Khartoum: Talks to resolve a standoff in Sudan's national coalition government adjourned on Thursday without agreement, prolonging the crisis threatening a fragile peace agreement that ended two decades of war.

The former southern rebel Sudan People's Liberation Movement (SPLM) suspended its work in government last week after months of stalemate on implementing key elements of the 2005 deal.

After three and a half hours of talks, SPLM Chairman and First Vice-President, Salva Kiir, left his first meeting with President Omar Al Bashir since the crisis began, with officials saying discussions would continue.

SPLM officials would not yet return to work, they said. "There was agreement to complete discussions on the outstanding problems in the deal," presidential spokesman Mahjoub Fadul said after the meeting in Khartoum. He did not specify when the talks might resume.

Deadline

SPLM has given Al Bashir's party until January 9, the third anniversary of the landmark peace deal, to show progress on outstanding issues. The conflict, Africa's longest, cost two million lives and more than four million people were driven from their homes.

SPLM Deputy Secretary-General Yasir Arman told Reuters Kiir and Al Bashir had discussed outstanding elements of the peace deal.

These include redeployment of northern troops from southern oil fields, mapping the borders of the oil-rich Abyei region, demarcating the north-south boundary and the fate of hundreds of political prisoners being held in northern jails.

"The ministers will go back to work when the chairman of SPLM has finished his talks and instructs them to go."

After a late meeting of SPLM leaders in Khartoum, Arman said Kiir would travel to south Sudan's capital Juba yesterday.

"The talks will resume very soon and the first Vice-President is optimistic," Arman said.
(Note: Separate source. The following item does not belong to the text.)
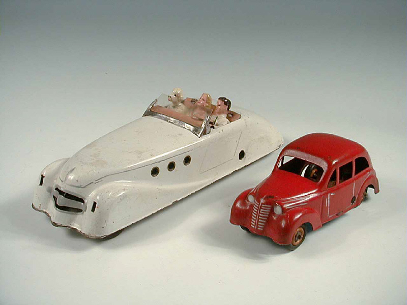 longueur 23 cm - moteur mécanique (fonctionne) - version de 1954, avec deux personnages & un caniche - plexiglas du pare-brise non d'origine - manque les phares rapportés - retouches de blanc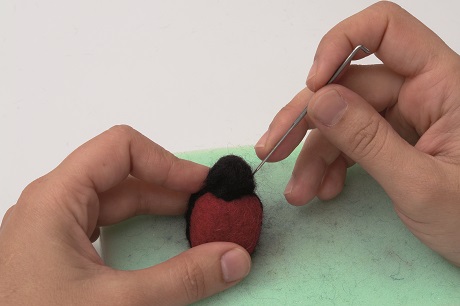 Use another small strand of black wool to make the central line of the ladybug’s body, jabbing it into the back from the head all the way down the body.

He said the SPLM leadership agreed progress was needed on both outstanding issues in the peace deal and a long-delayed cabinet reshuffle before SPLM would rejoin government.

Al Bashir granted one SPLM demand on Wednesday by announcing a reshuffle of SPLM ministers, which make up a quarter of the cabinet, after three months of stalling.

But SPLM officials said the reshuffle was announced prematurely and two presidential advisors had not been appointed as requested.

Fadul said SPLM and Al Bashir's National Congress Party (NCP) had agreed the ministers would be sworn in without giving a date.

But Arman said discussions on the reshuffle would follow talks on the stalled peace deal. The SPLM move has the support of many southerners.

"The walkout must continue until the NCP demonstrates that it is willing to move forward in one or two more points," said the independent daily Khartoum Monitor in an editorial, under the headline 'Bravo SPLM'.